(Stored items)
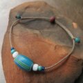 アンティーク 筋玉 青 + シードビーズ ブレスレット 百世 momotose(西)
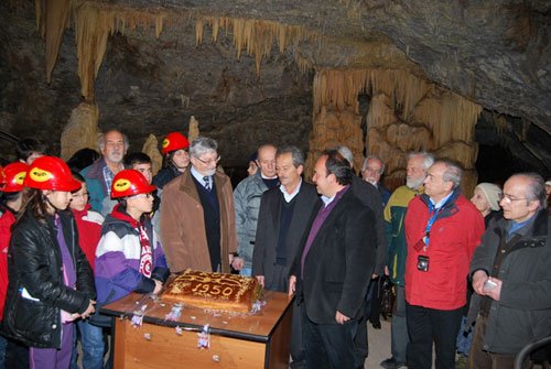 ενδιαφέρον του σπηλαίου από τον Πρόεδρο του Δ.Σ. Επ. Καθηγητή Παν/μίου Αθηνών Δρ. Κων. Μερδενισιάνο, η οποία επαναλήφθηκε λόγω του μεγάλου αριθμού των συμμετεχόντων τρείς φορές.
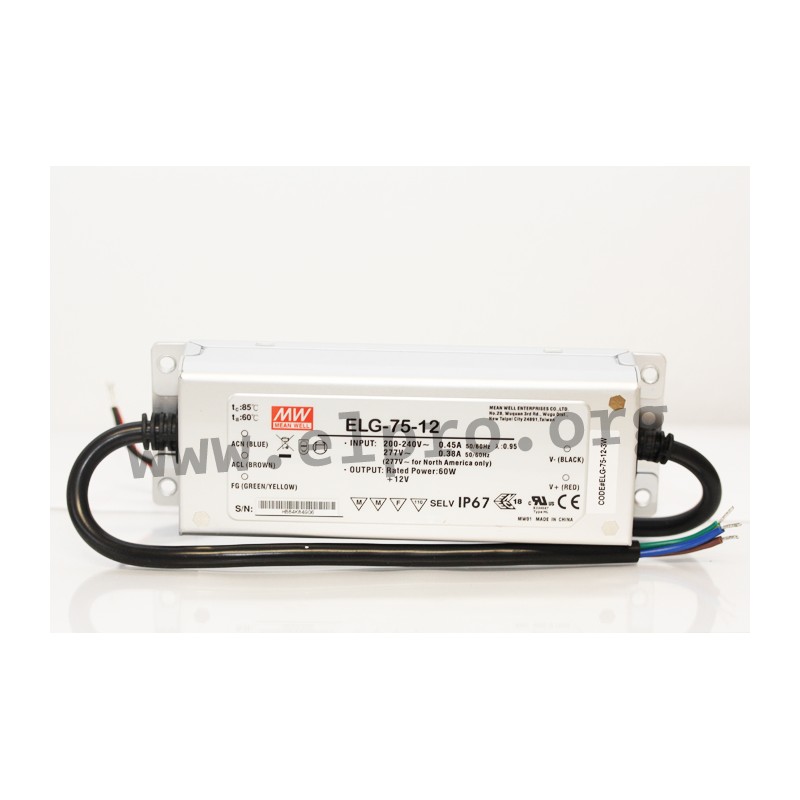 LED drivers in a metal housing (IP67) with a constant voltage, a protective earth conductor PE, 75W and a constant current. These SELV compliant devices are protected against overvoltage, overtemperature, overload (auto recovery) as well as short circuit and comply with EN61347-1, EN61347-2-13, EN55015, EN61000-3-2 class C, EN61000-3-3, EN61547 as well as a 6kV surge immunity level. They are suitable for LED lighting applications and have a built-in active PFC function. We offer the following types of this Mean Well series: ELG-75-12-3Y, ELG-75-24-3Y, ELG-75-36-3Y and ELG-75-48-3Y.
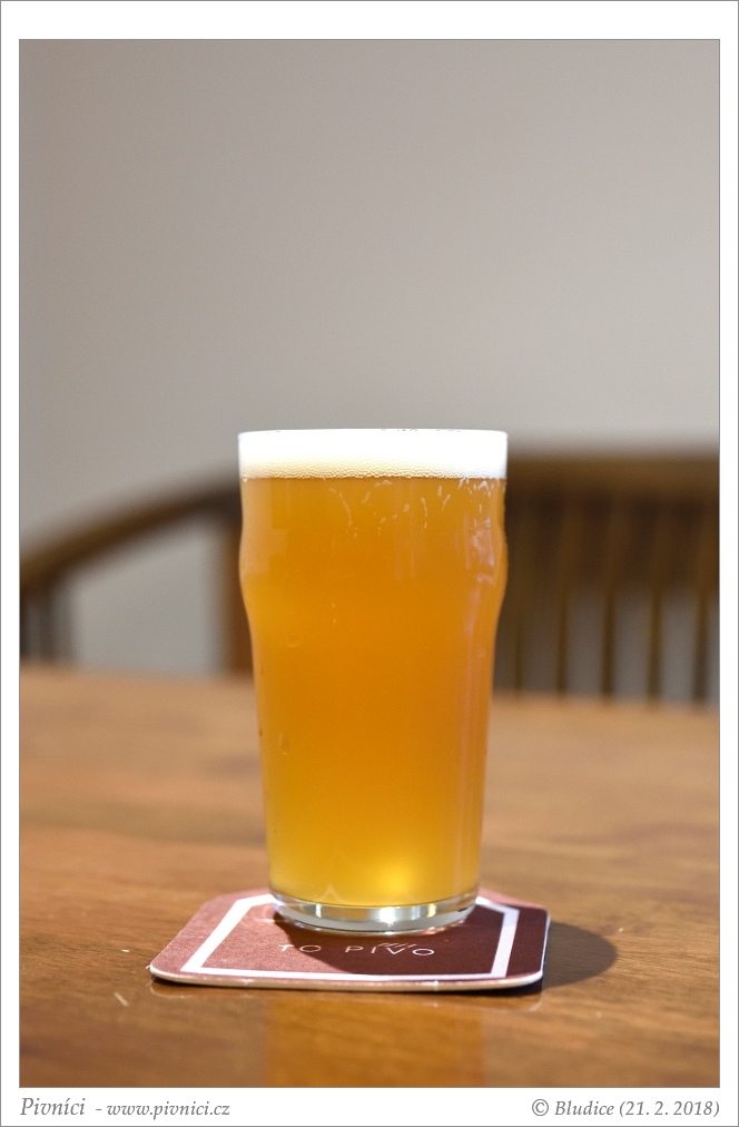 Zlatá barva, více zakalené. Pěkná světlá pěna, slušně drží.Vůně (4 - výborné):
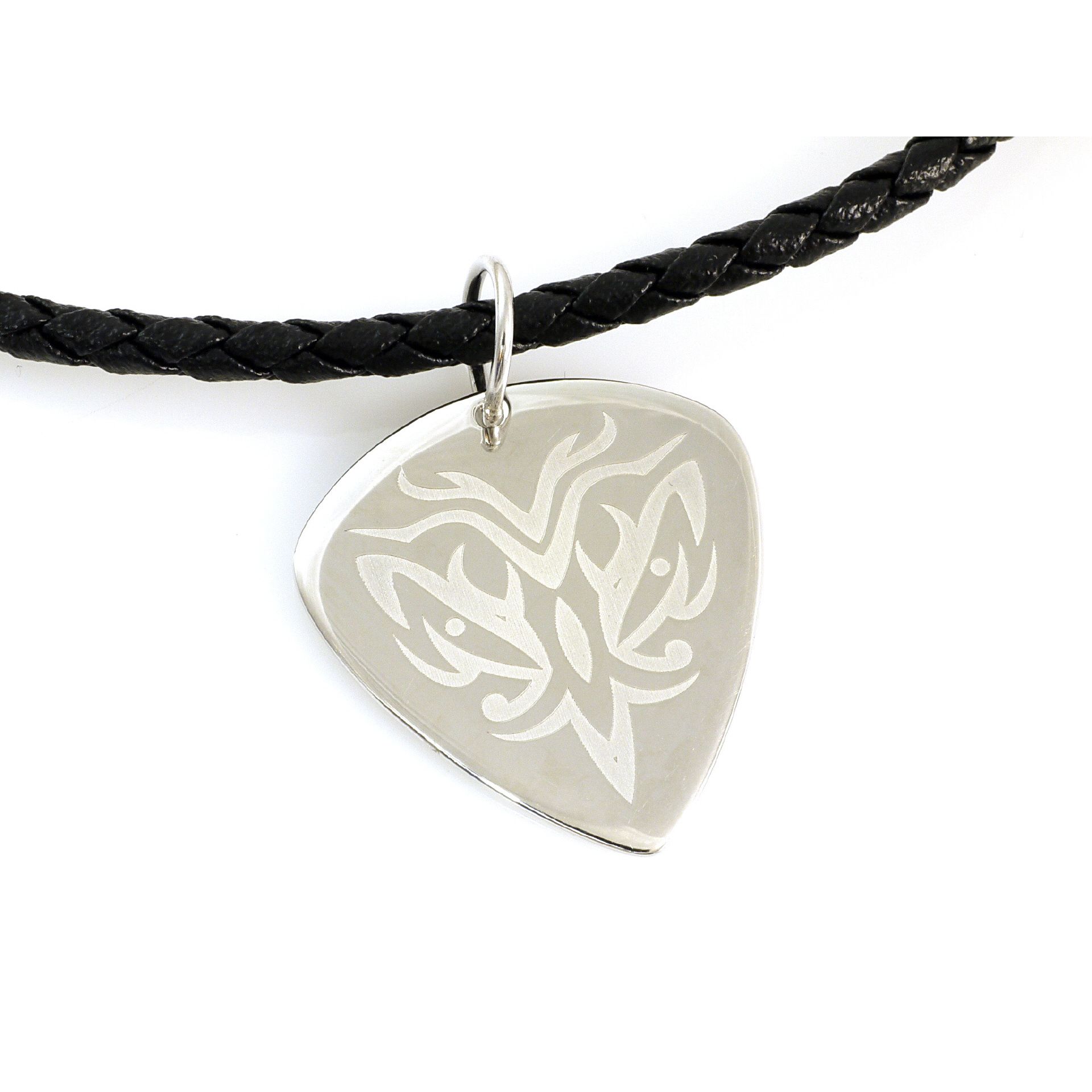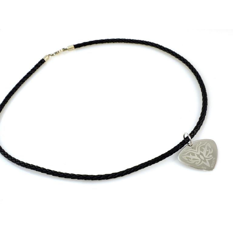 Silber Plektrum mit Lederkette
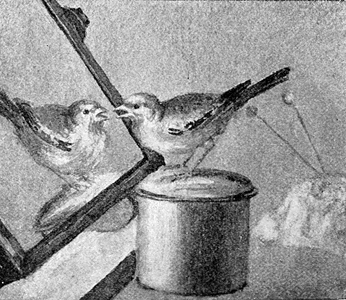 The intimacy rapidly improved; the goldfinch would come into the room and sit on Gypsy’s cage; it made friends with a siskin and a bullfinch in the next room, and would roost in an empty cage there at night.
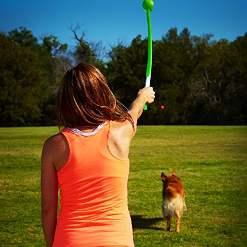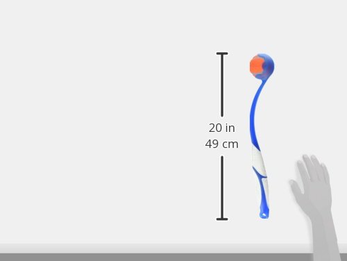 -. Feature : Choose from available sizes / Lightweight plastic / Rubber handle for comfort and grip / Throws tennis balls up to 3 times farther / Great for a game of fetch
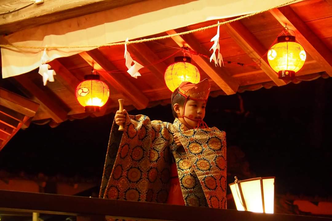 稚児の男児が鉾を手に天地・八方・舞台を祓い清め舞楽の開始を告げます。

◆ What you will do
The lines needed run from the first line of the records through the line containing "ενδιαφέρον του σπηλαίου", both included. Restate them word for word, without pictures.

◆ Solution for this exercise
 アンティーク 筋玉 青 + シードビーズ ブレスレット 百世 momotose(西)
 ενδιαφέρον του σπηλαίου από τον Πρόεδρο του Δ.Σ. Επ. Καθηγητή Παν/μίου Αθηνών Δρ. Κων. Μερδενισιάνο, η οποία επαναλήφθηκε λόγω του μεγάλου αριθμού των συμμετεχόντων τρείς φορές.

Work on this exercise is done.